Taking the endodontic procedure to the next level

Dr. Benedict Bachstein describes how Odne™Fill improves the quality of his care, makes the procedure easier for him and his patients, and leads to more efficient obturation.

A conversation with Dr. Benedict Bachstein sharing insights on his clinical experience using Odne™Fill for minimally invasive, light-cured obturation

What motivated you to become an endodontist?

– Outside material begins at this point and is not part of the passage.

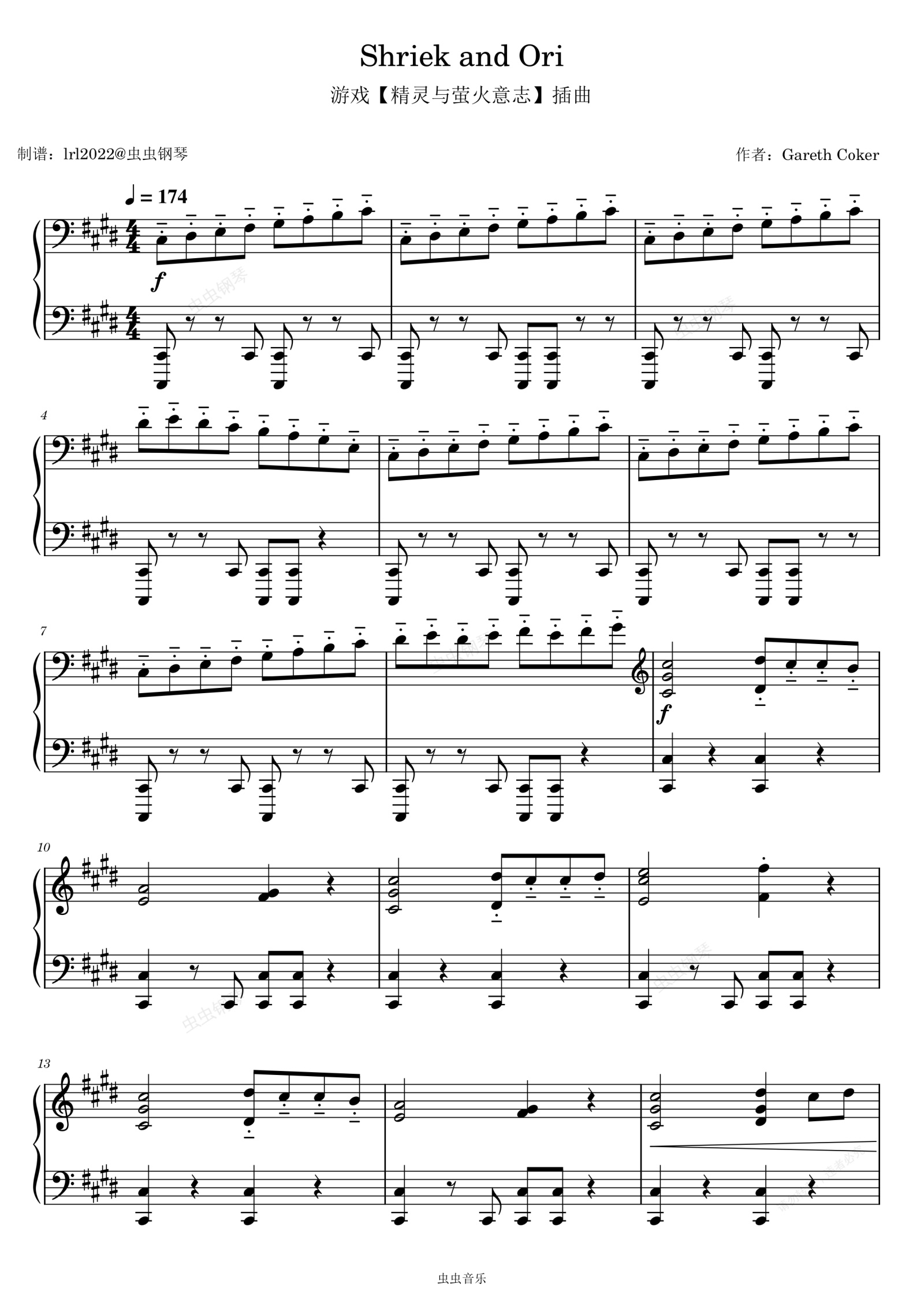 钢琴谱:Shriek and Ori - Ori and the Will of the Wisps - 游戏【精灵与萤火意志】插曲 - 钢琴独奏

Mainly it is the level of patient contact and care, of being able to spend time with a patient and focus on one patient at a time. I also enjoy the attention to detail that the role requires and working under a microscope. There is also the satisfaction of saving teeth by providing care at the limit of what is currently possible and being on the forefront of new technologies and materials.

You have a close relationship with Jefferson Einstein Philadelphia Hospital. Can you tell us more about that?

I originally moved to Philadelphia because it is the birthplace of endodontics. I chose Einstein for my specialty training and am now faculty there. Einstein has a very strong clinical program and the chairman, Dr. Frederic Barnett and I share the same values and uncompromising commitment to excellence, so it made sense for me to continue as faculty there. Dr. Barnett and Dr. Stephen Niemczyk (also faculty) have been excellent mentors to me, and I now get to pass that on by being mentor to the next generation of endodontists.

You were one of the first clinicians to use Odne™Fill in your practice. Can you tell us about your experience with it?

Odne™Fill is a material that is completely different from any of the materials I’ve used before and therefore offers us a different way to operate in the root canal system, which has the potential to be a huge advancement for our field.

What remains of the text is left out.